Start of Block
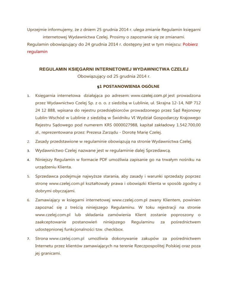 Uprzejmie informujemy, że z dniem 25 grudnia 2014 r. ulega zmianie Regulamin księgarni internetowej Wydawnictwa Czelej. Prosimy o zapoznanie się ze zmianami. Regulamin obowiązujący do 24 grudnia 2014 r. dostępny jest w tym miejscu: Pobierz regulamin REGULAMIN KSIĘGARNI INTERNETOWEJ WYDAWNICTWA CZELEJ Obowiązujący od 25 grudnia 2014 r. §1 1. POSTANOWIENIA OGÓLNE Księgarnia internetowa działająca po adresem: www.czelej.com.pl jest prowadzona przez Wydawnictwo Czelej Sp. z o. o. z siedzibą w Lublinie, ul. Skrajna 12-14, NIP 712 24 12 888, wpisana do rejestru przedsiębiorców prowadzonego przez Sąd Rejonowy Lublin-Wschód w Lublinie z siedzibą w Świdniku VI Wydział Gospodarczy Krajowego Rejestru Sądowego pod numerem KRS 0000027988, kapitał zakładowy 1.542.700,00 zł., reprezentowana przez: Prezesa Zarządu - Dorotę Marię Czelej. 2. Zasady przedstawione w regulaminie obowiązują na stronie Wydawnictwa Czelej. 3. Wydawnictwo Czelej nazwane jest w regulaminie dalej Sprzedawcą. 4. Niniejszy Regulamin w formacie PDF umożliwia zapisanie go na trwałym nośniku na urządzeniu Klienta. 5. Sprzedawca podejmuje najwyższe starania, aby zasady i warunki sprzedaży poprzez stronę www.czelej.com.pl kształtowały prawa i obowiązki Klienta w sposób zgodny z dobrymi obyczajami. 6. Zamawiający w księgarni internetowej www.czelej.com.pl zwany Klientem, powinien zapoznać się z treścią niniejszego Regulaminu. W toku rejestracji na stronie www.czelej.com.pl lub składania zamówienia Klient zostanie poproszony o zaakceptowanie postanowień niniejszego Regulaminu za pośrednictwem udostępnionej funkcjonalności tzw. checkbox. 7. Strona www.czelej.com.pl umożliwia dokonywanie zakupów za pośrednictwem Internetu przez klientów zamawiających na terenie Rzeczpospolitej Polskiej oraz poza jej granicami. 8. Sprzedający nie pobiera żadnych opłat za komunikację z nim z wykorzystaniem środków porozumiewania na odległość, a Klient poniesie jej koszty w wysokości wynikającej z umowy jaką zawarł z osobą trzecią świadczącą na jego rzecz określoną usługę umożliwiającą porozumiewanie na odległość. §2 1. INFORMACJE O PRODUKTACH Informacje o produktach dostępnych w asortymencie Sprzedającego stanowią zaproszenie do zawarcia umowy w rozumieniu art. 71 Kodeksu cywilnego. 2. Ceny książek i innych produktów znajdujących się w księgarni internetowej Sprzedawcy: a) są podane w złotych polskich i zawierają podatek VAT, b) nie zawierają kosztów dostawy. Koszty dostawy zależą od sposobu dostarczenia produktu, od wartości oraz wielkości zamówienia i podawane są przy wyborze sposobu dostawy produktu przez Klienta. Informacja na temat całkowitej wartości zamówienia jest prezentowana w podsumowaniu zamówienia po wybraniu przez Klienta formy dostawy i płatności. Przed zatwierdzeniem zamówienia Klient powinien samodzielnie sprawdzić koszt dostawy na stronie: Rabaty, koszty - dotyczy wysyłki Pocztą Polską Warunki zakupu Warunki zakupu dla prenumeratorów* Kwota zakupu Koszty wysyłki Rabat Koszty wysyłki Rabat do 200 PLN przedpłata płatność on-line 12,00 PLN 0% 12,00 PLN 15% do 200 za pobraniem 16,00 PLN 0% 16,00 PLN 15% 0,00 PLN 0% 0,00 PLN 15% PLN powyżej 200 PLN Rabaty, koszty - dotyczy wysyłki pocztą kurierską Warunki zakupu Kwota zakupu Warunki zakupu dla prenumeratorów* Koszty wysyłki Rabat Koszty wysyłki Rabat do 200 PLN przedpłata płatność on-line 13,00 PLN 0% 13,00 PLN 15% do 200 za pobraniem 16,00 PLN 0% 16,00 PLN 15% 0,00 PLN 0% 0,00 PLN PLN powyżej 200 PLN *) dla prenumeratorów czasopism: 3. 1. Dermatologia Praktyczna 2. Medycyna i pasje 3. Magazyn stomatologiczny 4. Neurologia Praktyczna 5. Gastroenterologia Praktyczna Sprzedający zastrzega sobie prawo do dokonywania na bieżąco zmian w cenach produktów oraz do przeprowadzania i odwoływania wszelkiego rodzaju akcji promocyjnych. Przy czym odwołanie akcji promocyjnych, nie ma wpływu na zamówienia złożone przed datą wejścia w życie zmiany ceny, warunków akcji promocyjnych lub wyprzedaży. 4. Promocje w księgarni internetowej www.czelej.com.pl nie podlegają łączeniu, o ile regulamin danej promocji nie stanowi inaczej. §3 1. ZASADY ZAMAWIANIA Zamówienia składane za pośrednictwem strony www.czelej.com.pl oraz adresu email: [email protected] można składać 24 godziny na dobę, 7 dni w tygodniu. Natomiast w przypadku zamówień telefonicznych zamówienia są przyjmowane w dni robocze w godzinach 8:00-16:00. 2. Sprzedający dopuszcza istnienie przerw technicznych, wyłączających księgarnię internetową z przyjmowania i realizacji zamówień Klientów, na temat których zamieści stosowną informację na stronie internetowej www.czelej.com.pl. 3. Sprzedawca nie ponosi odpowiedzialności za zakłócenia i przerwy w funkcjonowaniu księgarni internetowej niedozwolonym Wydawnictwa działaniem osób Czelej, trzecich spowodowane lub siłą niekompatybilność wyższą, księgarni internetowej Sprzedawcy z oprogramowaniem Klienta. 4. Realizacja zamówień następuje w dni robocze, z wyłączeniem dni zamkniętych magazynu księgarni Sprzedającego (np. na czas przeprowadzenia inwentaryzacji, przerwy techniczne). 5. Przez złożenie zamówienia za pośrednictwem strony www.czelej.com.pl należy rozumieć dodanie do Koszyka produktów z oferty księgarni internetowej, następnie wypełnienie "Formularza zamówienia" zgodnie z informacjami podanymi w w/w formularzu (wybór rodzaju i miejsca dostawy, formy płatności) oraz kliknięcie przycisku potwierdzającego zamówienie i obowiązek płatności. 6. Zamówienie za pośrednictwem strony www.czelej.com.pl może być dokonane w jednej z dwóch form: a) po zarejestrowaniu się - w przypadku nowego Klienta, lub zalogowaniu - w przypadku Klienta, który ma już konto Klienta w księgarni internetowej Sprzedającego, b) bez zalogowania (szybkie zakupy). 7. Dopuszcza się również złożenie zamówienia przez
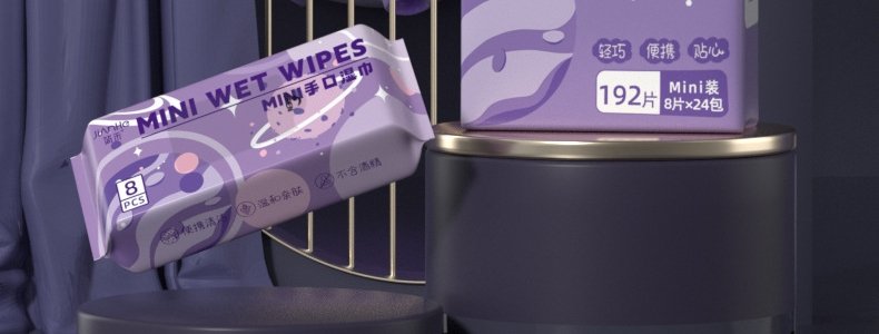 商品名称:简禾 紫色星球迷你手口湿巾 8片*24包
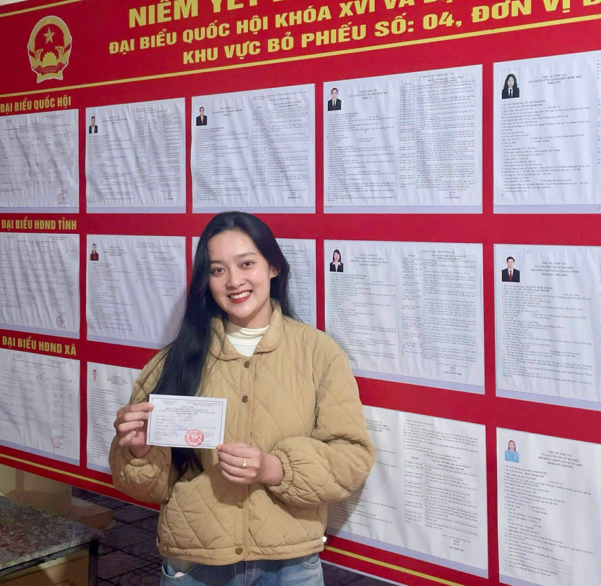 Trong không khí náo nức của ngày hội non sông, Nguyễn Thị Việt Tiên (SN 2003) – hiện đang công tác tại Bệnh viện Đa khoa tỉnh Hà Tĩnh hạnh phúc khi được cầm trên tay tấm thẻ cử tri. Dù bận rộn với công việc chuyên môn tại bệnh viện, Việt Tiên vẫn cố gắng sắp xếp thời gian để thực hiện quyền công dân của mình ngay trong sáng sớm.
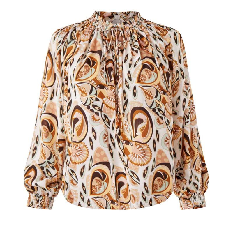 _ نوع یقه: ایستاده (High Neck) با جزئیات چیندار _ جنس پارچه: حریر (Chiffon) - سبک و نیمهشفاف _ قد لباس: روی باسن _ نوع آستین: بلند
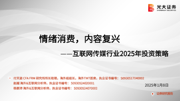 【光大证券】【20250108】互联网传媒行业2025年投资策略:情绪消费,内容复兴-53页 行业研究
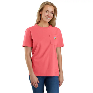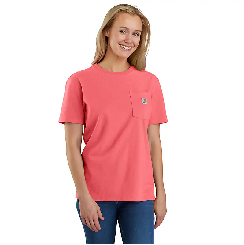 Carhartt Women's Loose Fit Heavyweight Short-Sleeve Pocket T-Shirt (Pink Salmon Heather) Size XL
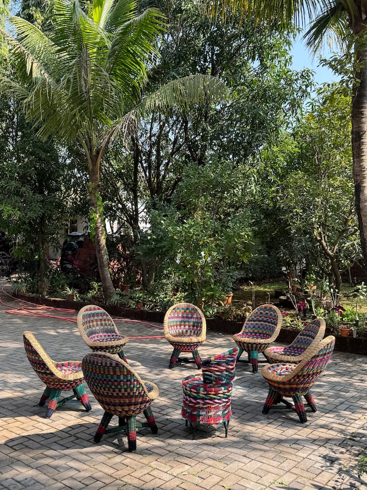 - დასასვენებლად დასაქირავებელი საცხოვრებლები გარე დასაჯდომი ადგილებით: მაჰარაშტრა
End of Block
If a record holds a picture, leave the picture out and copy everything else exactly.

 Uprzejmie informujemy, że z dniem 25 grudnia 2014 r. ulega zmianie Regulamin księgarni internetowej Wydawnictwa Czelej. Prosimy o zapoznanie się ze zmianami. Regulamin obowiązujący do 24 grudnia 2014 r. dostępny jest w tym miejscu: Pobierz regulamin REGULAMIN KSIĘGARNI INTERNETOWEJ WYDAWNICTWA CZELEJ Obowiązujący od 25 grudnia 2014 r. §1 1. POSTANOWIENIA OGÓLNE Księgarnia internetowa działająca po adresem: www.czelej.com.pl jest prowadzona przez Wydawnictwo Czelej Sp. z o. o. z siedzibą w Lublinie, ul. Skrajna 12-14, NIP 712 24 12 888, wpisana do rejestru przedsiębiorców prowadzonego przez Sąd Rejonowy Lublin-Wschód w Lublinie z siedzibą w Świdniku VI Wydział Gospodarczy Krajowego Rejestru Sądowego pod numerem KRS 0000027988, kapitał zakładowy 1.542.700,00 zł., reprezentowana przez: Prezesa Zarządu - Dorotę Marię Czelej. 2. Zasady przedstawione w regulaminie obowiązują na stronie Wydawnictwa Czelej. 3. Wydawnictwo Czelej nazwane jest w regulaminie dalej Sprzedawcą. 4. Niniejszy Regulamin w formacie PDF umożliwia zapisanie go na trwałym nośniku na urządzeniu Klienta. 5. Sprzedawca podejmuje najwyższe starania, aby zasady i warunki sprzedaży poprzez stronę www.czelej.com.pl kształtowały prawa i obowiązki Klienta w sposób zgodny z dobrymi obyczajami. 6. Zamawiający w księgarni internetowej www.czelej.com.pl zwany Klientem, powinien zapoznać się z treścią niniejszego Regulaminu. W toku rejestracji na stronie www.czelej.com.pl lub składania zamówienia Klient zostanie poproszony o zaakceptowanie postanowień niniejszego Regulaminu za pośrednictwem udostępnionej funkcjonalności tzw. checkbox. 7. Strona www.czelej.com.pl umożliwia dokonywanie zakupów za pośrednictwem Internetu przez klientów zamawiających na terenie Rzeczpospolitej Polskiej oraz poza jej granicami. 8. Sprzedający nie pobiera żadnych opłat za komunikację z nim z wykorzystaniem środków porozumiewania na odległość, a Klient poniesie jej koszty w wysokości wynikającej z umowy jaką zawarł z osobą trzecią świadczącą na jego rzecz określoną usługę umożliwiającą porozumiewanie na odległość. §2 1. INFORMACJE O PRODUKTACH Informacje o produktach dostępnych w asortymencie Sprzedającego stanowią zaproszenie do zawarcia umowy w rozumieniu art. 71 Kodeksu cywilnego. 2. Ceny książek i innych produktów znajdujących się w księgarni internetowej Sprzedawcy: a) są podane w złotych polskich i zawierają podatek VAT, b) nie zawierają kosztów dostawy. Koszty dostawy zależą od sposobu dostarczenia produktu, od wartości oraz wielkości zamówienia i podawane są przy wyborze sposobu dostawy produktu przez Klienta. Informacja na temat całkowitej wartości zamówienia jest prezentowana w podsumowaniu zamówienia po wybraniu przez Klienta formy dostawy i płatności. Przed zatwierdzeniem zamówienia Klient powinien samodzielnie sprawdzić koszt dostawy na stronie: Rabaty, koszty - dotyczy wysyłki Pocztą Polską Warunki zakupu Warunki zakupu dla prenumeratorów* Kwota zakupu Koszty wysyłki Rabat Koszty wysyłki Rabat do 200 PLN przedpłata płatność on-line 12,00 PLN 0% 12,00 PLN 15% do 200 za pobraniem 16,00 PLN 0% 16,00 PLN 15% 0,00 PLN 0% 0,00 PLN 15% PLN powyżej 200 PLN Rabaty, koszty - dotyczy wysyłki pocztą kurierską Warunki zakupu Kwota zakupu Warunki zakupu dla prenumeratorów* Koszty wysyłki Rabat Koszty wysyłki Rabat do 200 PLN przedpłata płatność on-line 13,00 PLN 0% 13,00 PLN 15% do 200 za pobraniem 16,00 PLN 0% 16,00 PLN 15% 0,00 PLN 0% 0,00 PLN PLN powyżej 200 PLN *) dla prenumeratorów czasopism: 3. 1. Dermatologia Praktyczna 2. Medycyna i pasje 3. Magazyn stomatologiczny 4. Neurologia Praktyczna 5. Gastroenterologia Praktyczna Sprzedający zastrzega sobie prawo do dokonywania na bieżąco zmian w cenach produktów oraz do przeprowadzania i odwoływania wszelkiego rodzaju akcji promocyjnych. Przy czym odwołanie akcji promocyjnych, nie ma wpływu na zamówienia złożone przed datą wejścia w życie zmiany ceny, warunków akcji promocyjnych lub wyprzedaży. 4. Promocje w księgarni internetowej www.czelej.com.pl nie podlegają łączeniu, o ile regulamin danej promocji nie stanowi inaczej. §3 1. ZASADY ZAMAWIANIA Zamówienia składane za pośrednictwem strony www.czelej.com.pl oraz adresu email: [email protected] można składać 24 godziny na dobę, 7 dni w tygodniu. Natomiast w przypadku zamówień telefonicznych zamówienia są przyjmowane w dni robocze w godzinach 8:00-16:00. 2. Sprzedający dopuszcza istnienie przerw technicznych, wyłączających księgarnię internetową z przyjmowania i realizacji zamówień Klientów, na temat których zamieści stosowną informację na stronie internetowej www.czelej.com.pl. 3. Sprzedawca nie ponosi odpowiedzialności za zakłócenia i przerwy w funkcjonowaniu księgarni internetowej niedozwolonym Wydawnictwa działaniem osób Czelej, trzecich spowodowane lub siłą niekompatybilność wyższą, księgarni internetowej Sprzedawcy z oprogramowaniem Klienta. 4. Realizacja zamówień następuje w dni robocze, z wyłączeniem dni zamkniętych magazynu księgarni Sprzedającego (np. na czas przeprowadzenia inwentaryzacji, przerwy techniczne). 5. Przez złożenie zamówienia za pośrednictwem strony www.czelej.com.pl należy rozumieć dodanie do Koszyka produktów z oferty księgarni internetowej, następnie wypełnienie "Formularza zamówienia" zgodnie z informacjami podanymi w w/w formularzu (wybór rodzaju i miejsca dostawy, formy płatności) oraz kliknięcie przycisku potwierdzającego zamówienie i obowiązek płatności. 6. Zamówienie za pośrednictwem strony www.czelej.com.pl może być dokonane w jednej z dwóch form: a) po zarejestrowaniu się - w przypadku nowego Klienta, lub zalogowaniu - w przypadku Klienta, który ma już konto Klienta w księgarni internetowej Sprzedającego, b) bez zalogowania (szybkie zakupy). 7. Dopuszcza się również złożenie zamówienia przez
 商品名称:简禾 紫色星球迷你手口湿巾 8片*24包
 Trong không khí náo nức của ngày hội non sông, Nguyễn Thị Việt Tiên (SN 2003) – hiện đang công tác tại Bệnh viện Đa khoa tỉnh Hà Tĩnh hạnh phúc khi được cầm trên tay tấm thẻ cử tri. Dù bận rộn với công việc chuyên môn tại bệnh viện, Việt Tiên vẫn cố gắng sắp xếp thời gian để thực hiện quyền công dân của mình ngay trong sáng sớm.
 _ نوع یقه: ایستاده (High Neck) با جزئیات چیندار _ جنس پارچه: حریر (Chiffon) - سبک و نیمهشفاف _ قد لباس: روی باسن _ نوع آستین: بلند
 【光大证券】【20250108】互联网传媒行业2025年投资策略:情绪消费,内容复兴-53页 行业研究
 Carhartt Women's Loose Fit Heavyweight Short-Sleeve Pocket T-Shirt (Pink Salmon Heather) Size XL
 - დასასვენებლად დასაქირავებელი საცხოვრებლები გარე დასაჯდომი ადგილებით: მაჰარაშტრა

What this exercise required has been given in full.